With the upcoming appearance of Tiësto and electro-pop group Passion Pit at Friday’s Fling concert, AOD, the Drug and Alcohol Resource Team, FlingSafe and the Medical Emergency Response Team are preparing for a potential increase in the use of Molly, the street name for pure MDMA, also known as ecstasy.

“A lot of it is because of the music,” Lyzinski said. “We are going to have a lot of first-time users this spring.”

According to College senior and Social Planning and Events Committee President Shana Rusonis, “SPEC Concerts’ choice of artists for the Spring Fling concert aims to reflect student demand, and to diversify the genre of the event from years previously. We did not speculate as to whether or not specific acts would elicit any different behaviors at the event.”

She added that at the request of AOD, a preview of Molly was presented during the FlingSafe training process for the first time this year.

“We recognized that this could be a situation that FlingSafe members might encounter,” she said.

Over the past few weeks, AOD has been leading the effort to increase information and education about the use of Molly.

“It is important that students understand how dangerous using ecstasy can be in a concert-like setting,” Lyzinski wrote in an email. “MDMA overdose is not uncommon and is exacerbated by hot environments where a lot of physical activity is going on.”

College junior and Chief of MERT Dan Spielman said he is “preparing for the worst.”

In addition to teaching members how to identify the classic symptoms of being on Molly, Spielman is training staff to identify students once they get off their high, what he calls “certain situations when it can spiral downward.”

A College sophomore who did Molly for the first time during a Deadmau5 concert last September and who will be rolling with a dozen other friends during Fling said the increased MERT training of Molly overdose is a reassuring.

“It’s a relief to know that if god-forbid something happens to me, the medical team is prepped to treat me well,” said the sophomore, who wished to remain anonymous because of the legal implications of his action.

AOD hopes that the increased education surrounding Molly use will benefit students trying the drug for the first time this weekend.

A Wharton freshman who said he could obtain Molly from a brother in his fraternity is on the fence about trying it for the first time.

“I don’t want to wake up and not know where I am or how I got there,” he said. “I can do that with alcohol, but ecstasy is something very different. It’s kind of a leap. Plus it’s illegal.”

The freshman thinks that genre of Friday’s concert lineup may make more students willing to try rolling.

For others, rolling is part of the experience of going to an electronic dance music concert.

An Engineering freshman said he spent $800 on 10 grams of Molly for Fling.

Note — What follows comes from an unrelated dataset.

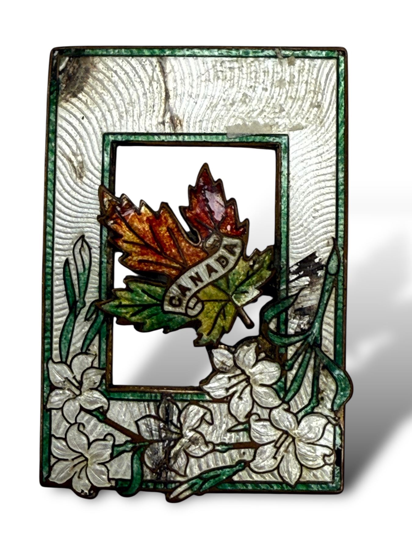 Victorian Era Canadian Enamelled Pin Back (White/Green)

“People usually take 0.3 grams, so that means this is enough for 33 people,” he said, adding that at Penn, the price per gram can go up as high as $120 to $130 before electronic concerts “because dealers know people will be willing to pay more for it.”

An Engineering and Wharton junior described that alcohol and tobacco cannot compare to the feeling of being on Molly.

“It’s a matter of perception,” he said. “It change the way you experience things. Touch is a lot more satisfying, connecting with people is a lot of satisfying. Music sounds much better. Dancing feels much better.”

The junior, who researched ecstasy’s toxicology and side effects before using it for the first time, cautioned students against rolling without educating themselves about it.

“By the time I actually wanted to do it myself, I had a pretty good grasp of what I was getting myself into,” he said.

Lyzinski “highly recommends” that students who are contemplating whether or not to use MDMA think about potential negative side effects. These can include dehydration, muscle tension and nausea, and heavy use can cause kidney or heart failure.

“These are very real possibilities,” she wrote. “The more a student educates him or herself, the better.”